Early indications are that the Canadian dollar could decline ahead of tomorrow’s Bank of Canada interest rate announcement. Despite recording a 3.9 percent increase in Gross Domestic Product for the first three months of the year, most observers expect Governor Mark Carney to announce that the Bank of Canada will not raise rates beyond the current 1 percent. This could have investors selling the dollar for currencies offering higher yields.
While few expect a rate increase, close attention will be paid to Carney’s statement in the hope that the Governor will provide a signal as to when he expects rates to increase. Most analysts feel that October is the earliest we can expect the Bank to introduce a rate hike as the short-term forecast is for the Canadian economy to slow slightly from the first quarter’s robust pace.
It was not that long ago that market participants were convinced that Canada was about to enter a period of sustained rate increases. Indeed, starting last June the Bank did introduce three successive quarter point rate hikes but the policy was abandoned after the Canadian economy slowed faster than expected.

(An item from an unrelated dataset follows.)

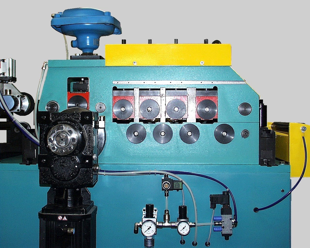 Die Zubehörpalette ist hierbei sehr groß. Allwalzenantrieb, Walzenabstützung bei großen Bandbreiten, Einführhilfe, Andrückarm, Meßrad als Schlupfkontrolle, Schlaufenschlagschutz, motorische Höhenverstellung des Richtkopfes zur Anpassung der Einlaufhöhe, ein verfahrbarer Vorschubrichtkopf zum Abholen des Coilanfangs und verschiedenste Steuerungen sind individuell möglich.
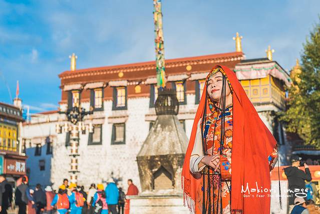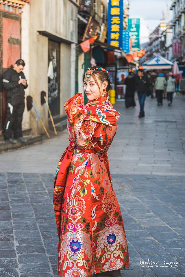 八廓街如今也成为了拍婚纱和写真的好去处,几年下来,越来越多的妹子都会想来拉萨拍一套藏族写真,混迹于虔诚的藏民之中,虽然多少有些格格不入,但还是成为了一道靓丽的风景线,走哪都成为了人们的焦点。

Despite this, the Organization for Economic Co-operation and Development (OECD) recently urged the Bank of Canada to return to a policy of rate hikes. The OECD believes that Canada’s interest rate is currently too low and as a result, borrowers are taking on debt levels that would otherwise be beyond their means. Should these rates rise significantly later on, the OECD warns that a dramatic rise in the default rate is likely and this could place the Canadian economy at risk.